As with seasoned cast iron pans, clean the pan by wiping it with a bit of warm water but without soap/detergent. If any food gets stuck to the pan, you may need to scrub it with detergent and redo the seasoning process.

SUGGESTIONS

Cuisinart 77-10 Chef’s Classic Stainless 10-Piece Cookware Set

✪ Cuisinart MCP-12N MultiClad Pro Stainless Steel 12-Piece Cookware Set

Tempered Glass Cookware

I’m sure we all have at least 1 piece of tempered  glass cookware (likely a casserole dish).

This option doesn’t work for stove-top cooking, but it works very well for cooking and baking in the oven. It is also safe to marinate foods in tempered glass cookware, which is convenient. And the best part? You can take it from the oven straight to the fridge for storage when your meal is over! Less dishes to clean = awesome.

SUGGESTIONS

✪ Pyrex 2-Quart Glass Bakeware Dish (I have this and use it to cook veggies all the time)

✪ Pyrex Easy Grab 8-Piece Glass Bakeware and Food Storage Set

Cast-Iron Cookware

The classic cookware can be preheated to temperatures that will brown meat, and can withstand very high temperatures. It is extremely durable and can be seasoned to provide a smooth, stick-resistant surface, and can even be purchased pre-seasoned.
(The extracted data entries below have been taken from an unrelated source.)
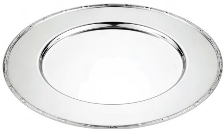
SOUSPLAT COM CORDÃO 751 - Med. Cordão Croisé: 32cm (Ø) 018B - Med. Cordão Liso: 32cm (Ø) 1059 - Med. Cordão Pérola: 32cm (Ø)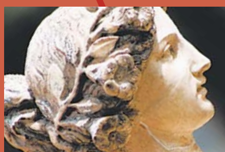
Escuela de Artes y Cultura * Gestión Cultural. * Historia del Arte. * Iniciación Teatral.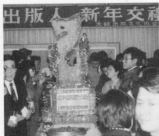
1월6일 출협 강당에서 베풀어진 '출판인 신년교례회'.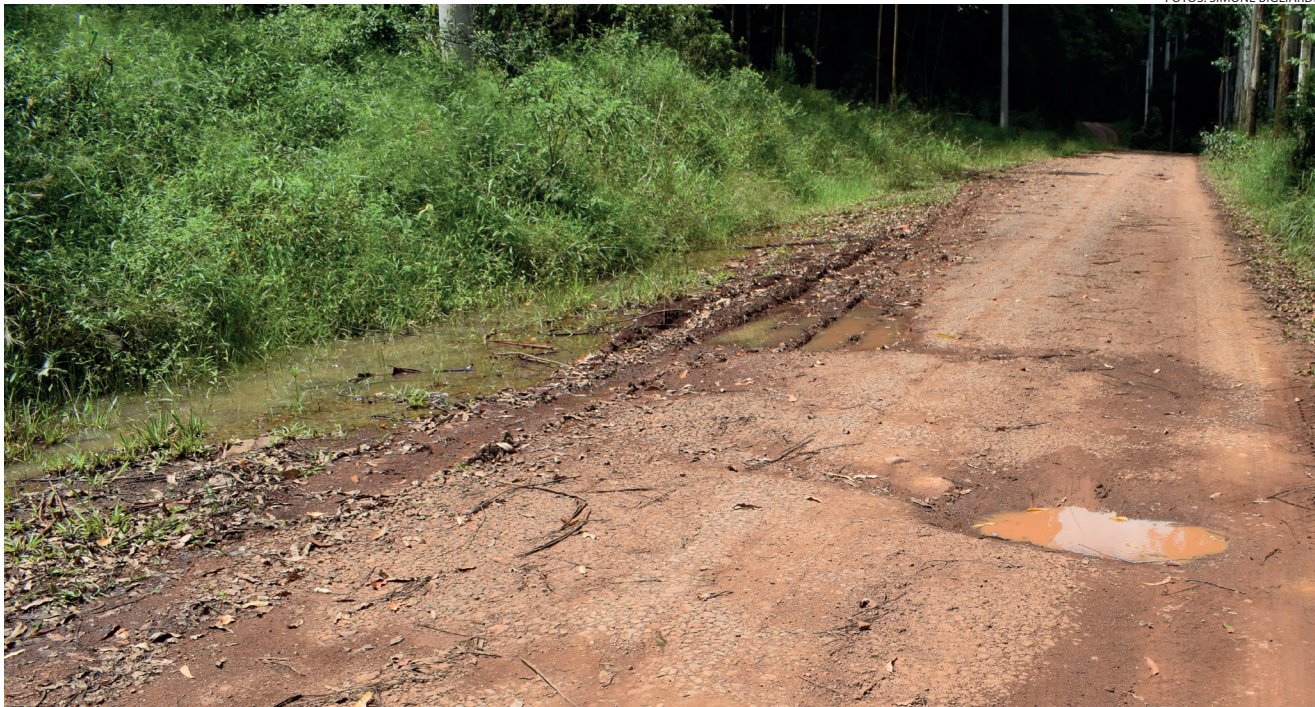
Linha Chiquinha buracos e valetas que não escoam a água, além de danificar estrada tem perigo de dengue

"Aqui em São Roque e Barra do Coqueiro temos vários trechos do asfalto que desmoronaram ainda na cheia e não foi feito nada, só colocado cones. A cabeceira da ponte foi levada pela água e ainda está sem proteção. As estradas de chão estão viradas em buracos e pedras é um fiasco as condições de trânsito que temos no interior de Encantado ".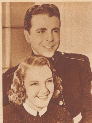
Dick Powell and Doris Weston in The Singing Marine A Warner Brothers Picture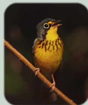
La paruline du Canada

Parmi les animaux de la faune on retrouve en autres des castors, des lièvres, des tamias, des rats musqués, des cerfs de virginie, des dindons sauvages, des canards, des ratons laveurs, des renards et diverses sortes de grenouilles.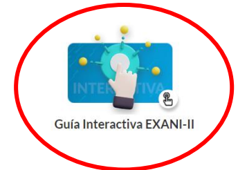
Guía Interactiva EXANI-II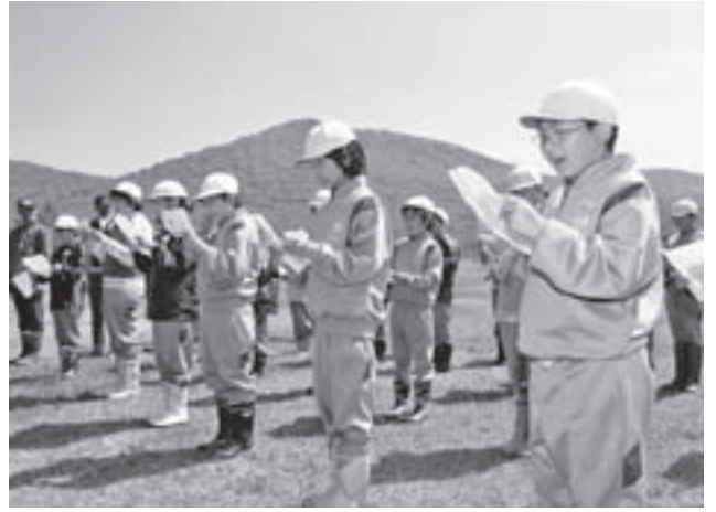
「みどりを大切にします」と、みどりの誓いを読み上げる児童たち

「遊々の森」は、学校教育や森林環境教育に国有林を利用できる制度で、調印式には約40人が出席。田村正彦市長と岩手北部森林管理署の野藤昌弘署長が、平成18年に締結した協定期間をさらに5年間延長する協定書に調印した後、安代小5年生25人が、声をそろえてみどりの誓いを読み上げました。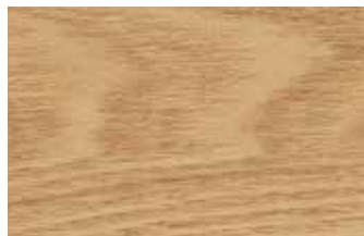
タモ 板目 モクセイ科 落葉広葉樹 日本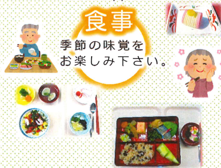
注) 写真は行事食です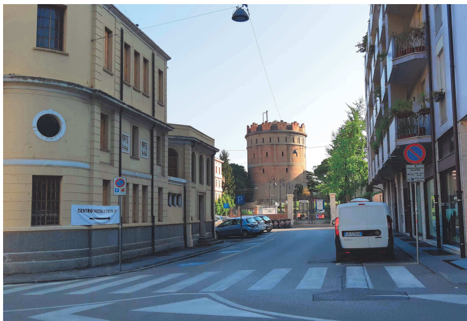
Piazzale Mazzini – tratto lato ovest della Casa del Mutilato - vista da fronte Casa del Mutilato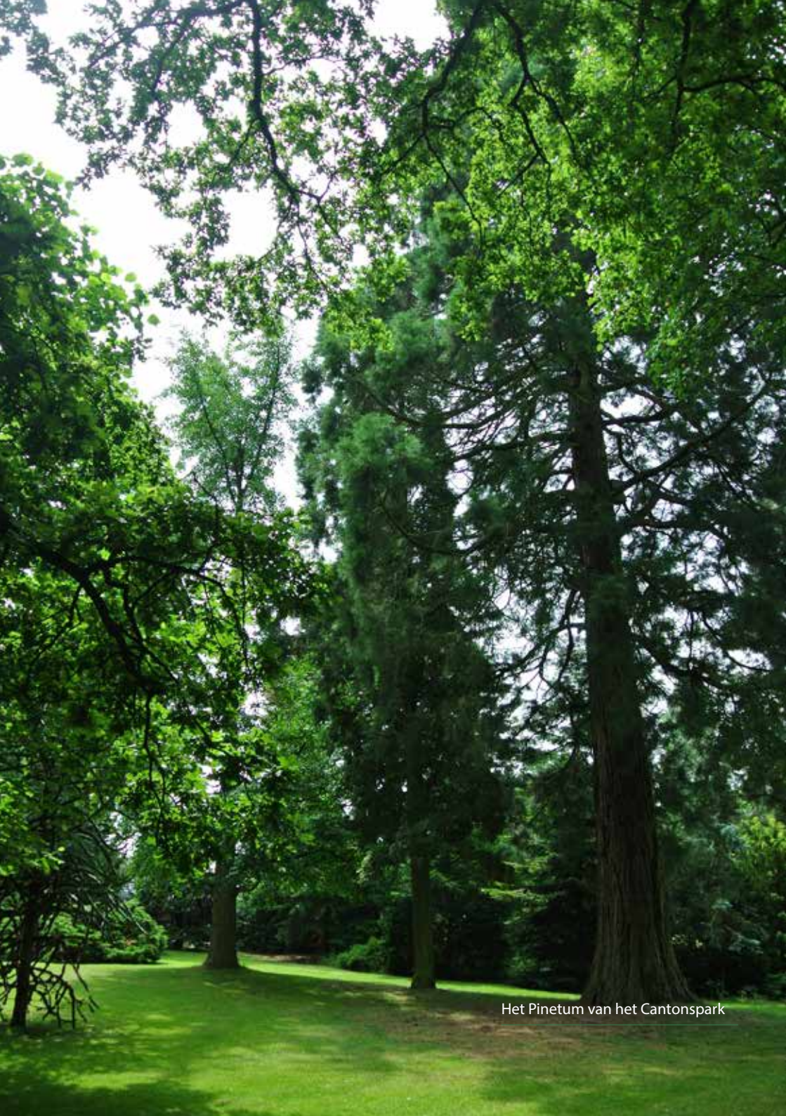
Het Pinetum van het Cantonspark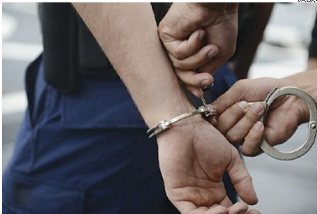
O homem, que havia sido preso por um dos crimes e é suspeito de quatro ataques, foi solto

Segundo apurou a reportagem, a decisão de conceder a liberdade provisória ao suspeito foi fundamentada pelo juiz, entre outras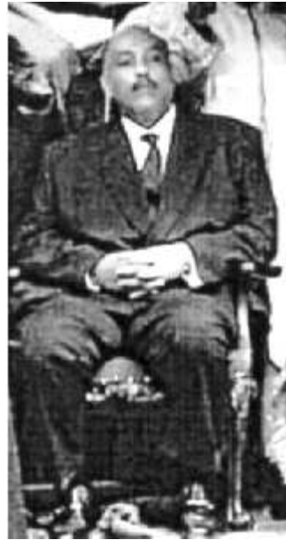
MS Imperială, Negus Negesti, Zera Yakob al II-lea al Ethiopiei, în Exil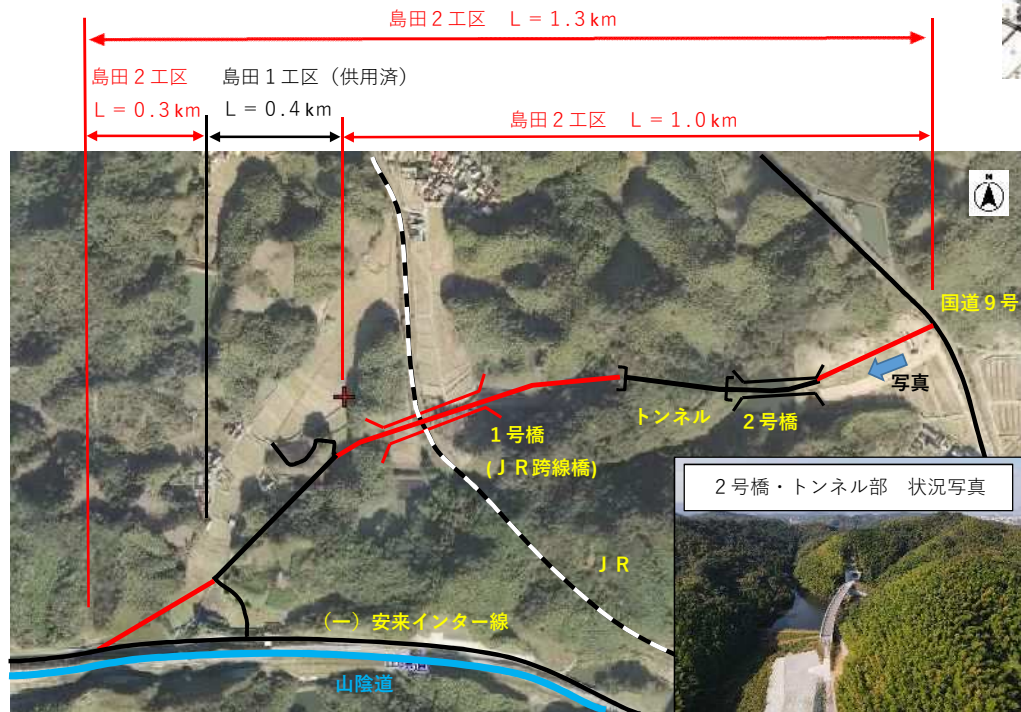
2号橋・トンネル部 状況写真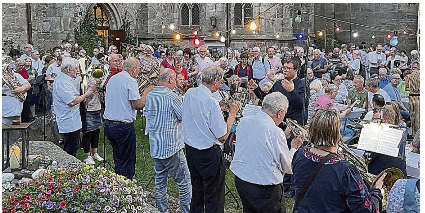
Voller Kirchplatz: An mehreren Tagen wird vor und in der Kirche musiziert.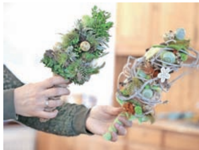
Tradicionalnim butaricam dandanes dodajajo moderen pridihi in pri oblikovanju domišljiji prepustijo prosto pot.

balizacija je nedvomno zajela našo deželo in skrb vzbujajoče je, da postajata valentinovo in noč čarovnic bolj popularna kot običaji, ki imajo pri nas dolgoletno tradicijo. Vrniti se moramo h koreninam, se zavedati in spoštovati našo kulturno dediščino, kamor sodi tudi velika noč, in jo – ne zgolj s krščanskega vidika, temveč tudi s stališča naše identitete – ohranjati in gojiti. To je vendarle običaj, ki poveže družino, in je čas, ki ga namenimo eden drugemu."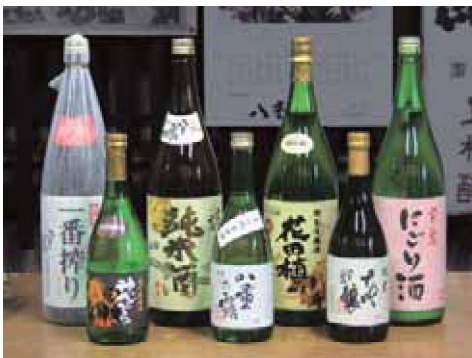
↑上杉酒造製品のラインナップ

く、長年出雲から来てもらっているとのこと。酒米はすべて広島県産で賄われている。 酒造りに適した軟水の井戸水に恵まれ、しっかりとした味わいがあり、それでいてすっきりとした飲み口が特徴といえる。 近年、味の濃い料理が好まれるようになり、日本酒もさっぱりした辛口が好まれ、「八重の露」は多くの日本酒党に支持さ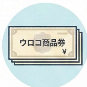
紙タイプの ウロコ商品券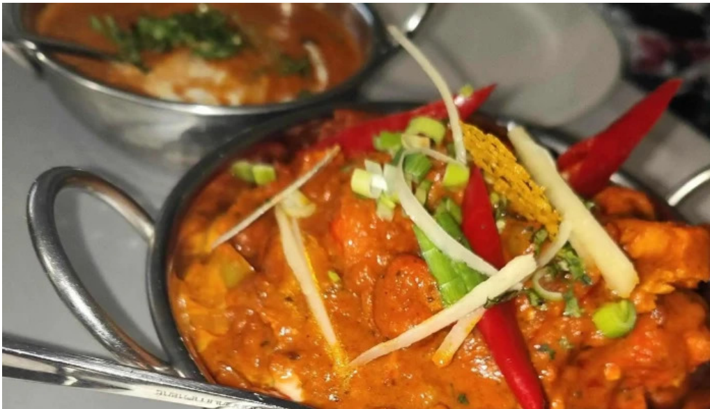
Annapurna 4 rodange adress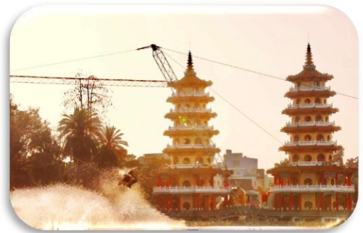
蓮池潭纜繩滑水場域

市政府為響應行政院「向海致敬」政策，宣示水域解嚴，並配合「還河於民」等政策，自 109 年度起陸續開放遊憩水域，迄 111 年底，由觀光局轄管已開放遊憩水域計有愛河、旗津海水浴場及蓮池潭等 3 處。經查其辦理情形，核有：(1) 愛河及旗津海水浴場於開放水域遊憩活動前，皆委託專家學者評估規劃，惟蓮池潭遲未辦理開放前評估，不利掌握水域環境特性，又據媒體報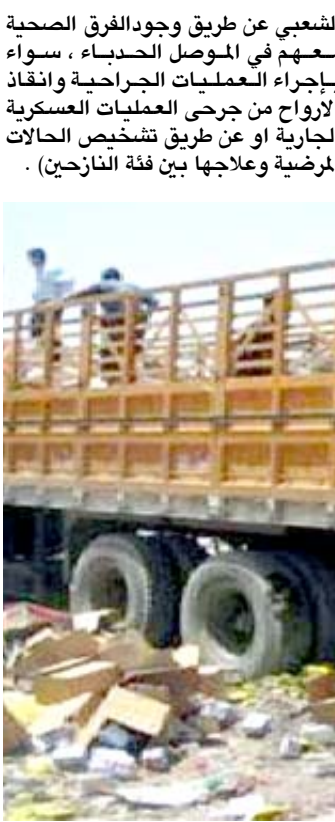
إتلاف؛ صحة ديالى تتلف كميات من المود الغذائية التالفة

واوضح العزاوي ، انه (تم توجيه غرامة مالية على صاحب المخزن لمخالفته الشروط الصحية وحسب قانون الصحة العامة) . مشيراً الى انه (تم التحري خلال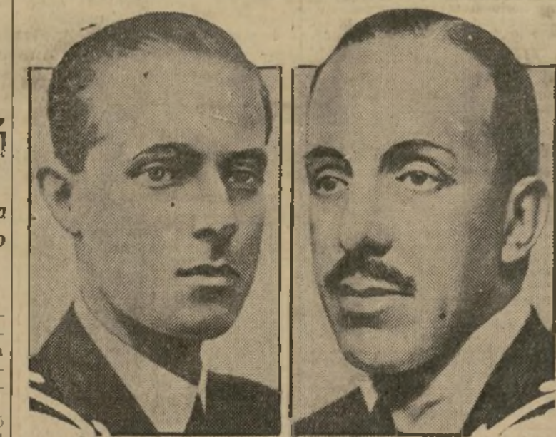
Ex Príncipe de Asturias. Don Alfonso de Borbón

EL CALOR LLEGÓ OTRA VEZ A LOS 86 GRADOS AYER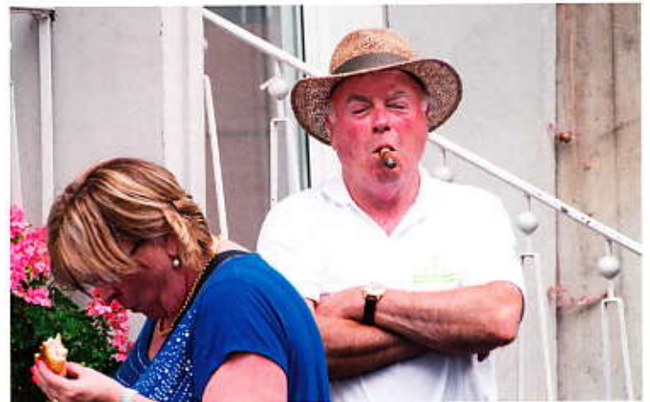
In der Ruhe liegt die Kraft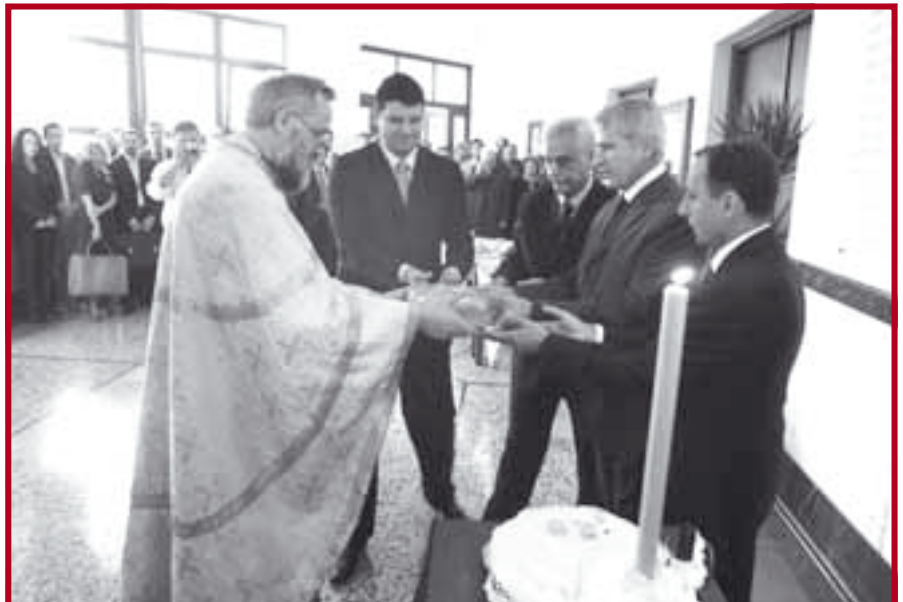
Прослава факултетске славе – Крстовдана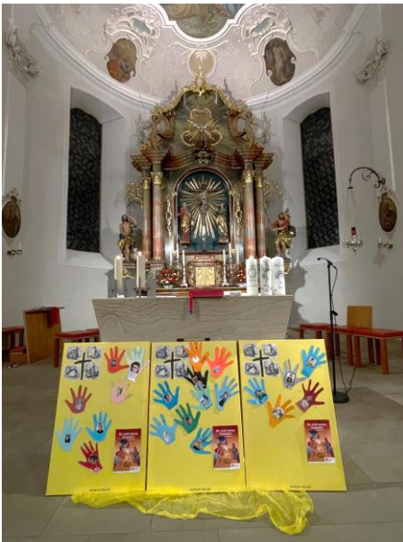
Plakate der Erstkommunionkinder 2026 von St. Johannes, Pax Christi und St. Remigius in St. Remigius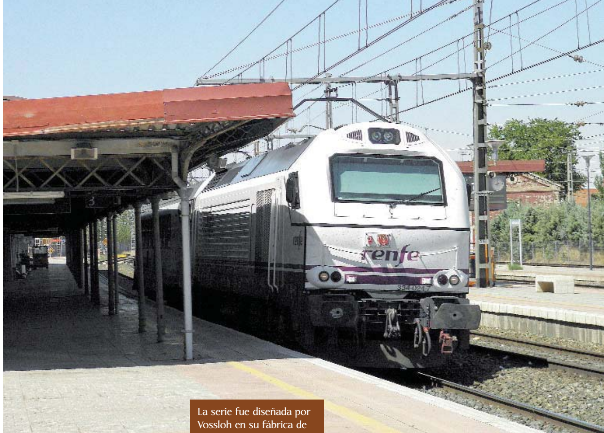
La serie fue diseñada por Vossloh en su fábrica de Albuixech.

Diésel –GM EMD– y del modelo 12N 710G3B que proporciona 3050 caballos a 926 rpm, siendo la velocidad al ralentí del motor de 269 rpm.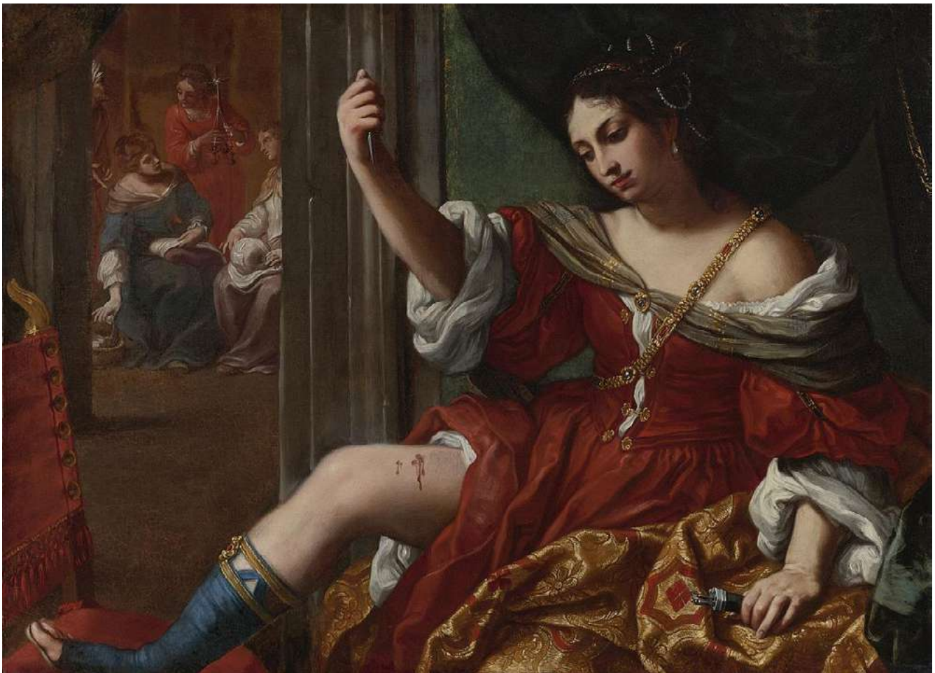
Porzia si ferisce alla gamba, Elisabetta Sirani

Por otro lado, en otra de sus obras, Porzia hiriéndose en el muslo , Sirani representa la escena en la que la hija de Catón y esposa de Bruto, uno de los asesinos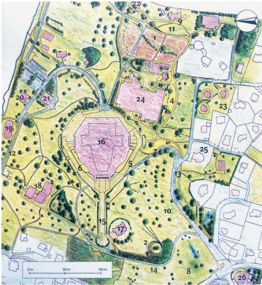
Plan des Gartenparks am Goetheanum. 1 Gemüse- und Schnittblumengarten, 2 Felsli, 4 Heilkräuter- und Färberpflanzengarten, 11 Duftkräutergarten, 14 Felsliweg, 15 Westallee, 17 Haus Duldeck.

und Obstbäume, wobei die Wahl der Pflanzen von den standortspezifischen Möglichkeiten bestimmt wird. Alle Garten- und Gemüseabfälle, Holz und Grasschnitt werden kompostiert und damit in einen Düngerkreislauf überführt.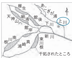
【図1 真崎浦・細浦西野開墾地域図】(昭和59年改訂「のびゆく東海」掲載図に筆者加筆)

しかし、阿漕ヶ浦の水位は海拔15メートルで海面より高いことから、「東海村の自然誌」(平成19年発行)では、江戸時代ごろに「阿漕ヶ浦が汽水湖だった」と報告して「海とつながっていた」とする説は科学的にも立証できない」と報告しています。やはり、古者が伝える

However, there is some concern regarding the iron leached into food as its being cooked — an excess of dietary iron promotes oxidation and has been proven to promote dangerous oxidation of cholesterol. So it may not be the best option for everyday cooking.

SUGGESTIONS

Lodge LCC3 Pre-Seasoned 3-wuart Cast-Iron Combo Cooker*

✪ Lodge Pre-Seasoned 5-quart Cast-Iron Dutch Oven with Dual Handles*

✪ Lodge Pre-Seasoned 12-inch Cast-Iron Skillet*

*Lodge’s products are extra-special because they’re made in the USA

Porcelain-Enameled Cast Iron Cookware

Generally speaking, porcelain-enameled cast iron cookware yields great cooking results and are very long-lasting, making them well worth the upfront investment (they are a little more pricey).

Most can be used on the stove top, in the oven, and under the broiler, making them very multipurpose (and, again, worth the investment).  Plus, the enamel is impervious to acids, so it can hold raw or cooked foods that are marinating — in other words, less dishes to clean!

Le Creuset is the French darling of the porcelain-enameled cast iron cookware brands. Pricey, but in my personal opinion, 1 piece is all you need: a dutch oven.

SUGGESTIONS

✪ Le Creuset Signature Enameled Cast-Iron 5.5-quart Round Dutch Oven

Have you transitioned to healthier cookware options?